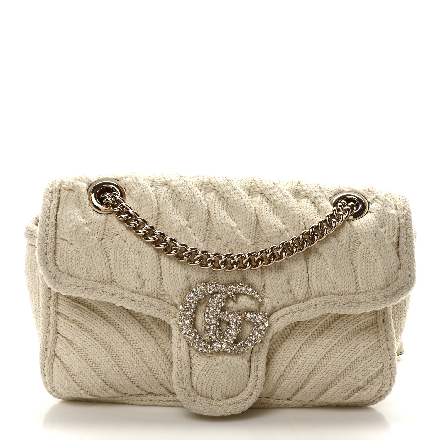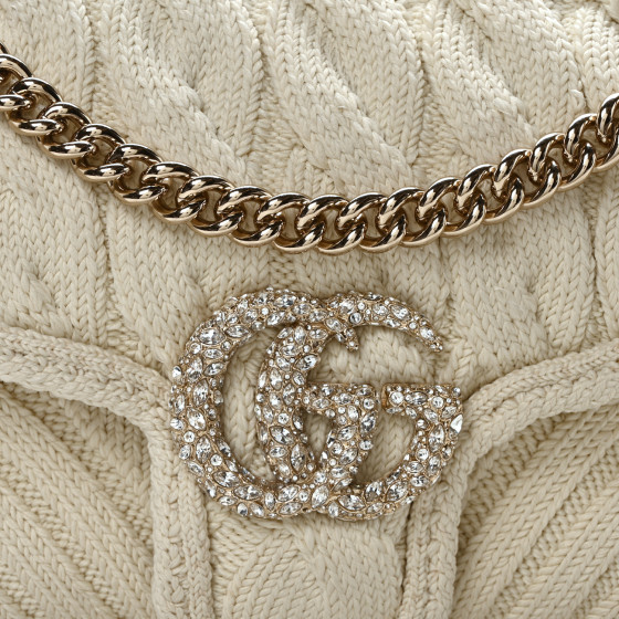 Knitted Wool Crystal Small GG Marmont Shoulder Bag Ivory
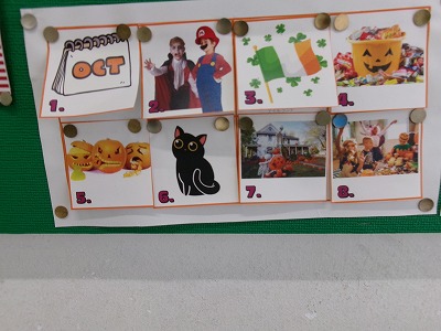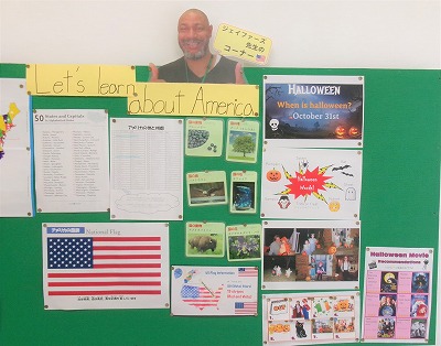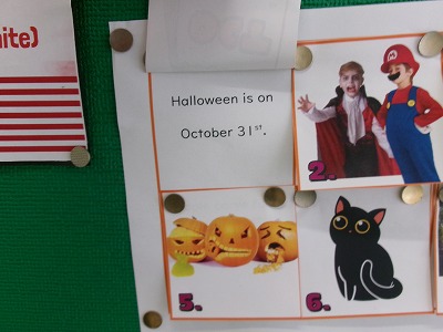 夏休み明けの9月の始めに早速、ジェイファーズ先生が一生懸命、作成してみえました。「ハロウィン」に関するものに変わっています。ハロウィンのことがよく分かる掲示物になっていますので、皆さんも見てくださいね。
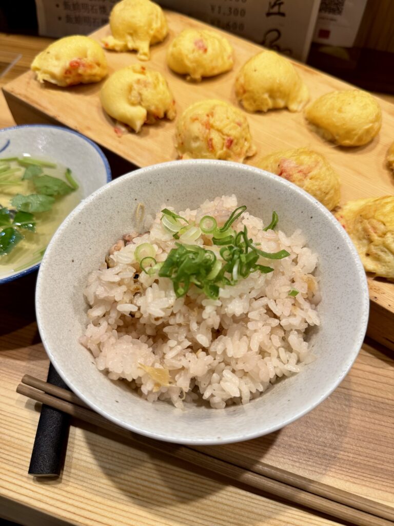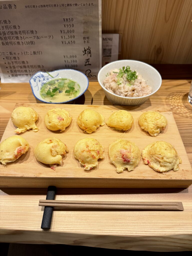 釜揚げ桜海老明石焼きに、出汁そしてたこ飯がセット。
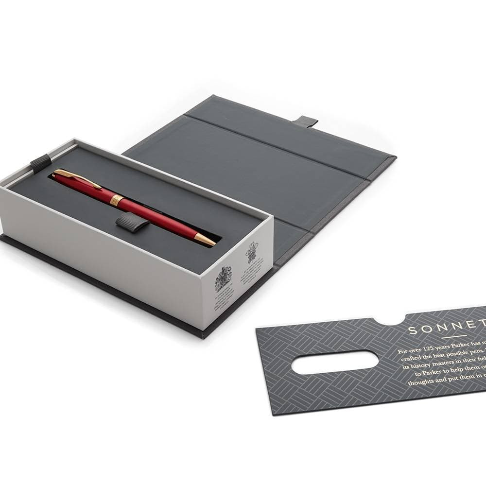 Το στυλό Parker Sonnet Laque Red GT δεν είναι απλώς ένα στυλό διαρκείας αλλά ένα αντικείμενο υψηλής αισθητικής και τεχνικής αρτιότητας. Με κόκκινη λάκα πάνω σε ορείχαλκο, επίχρυσες λεπτομέρειες και χειροποίητη κατασκευή, προσφέρει εμπειρία γραφής που συνδυάζει πολυτέλεια, αξιοπιστία και διαχρονική κομψότητα.

▸ TASK DESCRIPTION
After removing the pictures, transcribe the listing above exactly.

▸ RESULT OF THE TASK
 Knitted Wool Crystal Small GG Marmont Shoulder Bag Ivory
 夏休み明けの9月の始めに早速、ジェイファーズ先生が一生懸命、作成してみえました。「ハロウィン」に関するものに変わっています。ハロウィンのことがよく分かる掲示物になっていますので、皆さんも見てくださいね。
 釜揚げ桜海老明石焼きに、出汁そしてたこ飯がセット。
 Το στυλό Parker Sonnet Laque Red GT δεν είναι απλώς ένα στυλό διαρκείας αλλά ένα αντικείμενο υψηλής αισθητικής και τεχνικής αρτιότητας. Με κόκκινη λάκα πάνω σε ορείχαλκο, επίχρυσες λεπτομέρειες και χειροποίητη κατασκευή, προσφέρει εμπειρία γραφής που συνδυάζει πολυτέλεια, αξιοπιστία και διαχρονική κομψότητα.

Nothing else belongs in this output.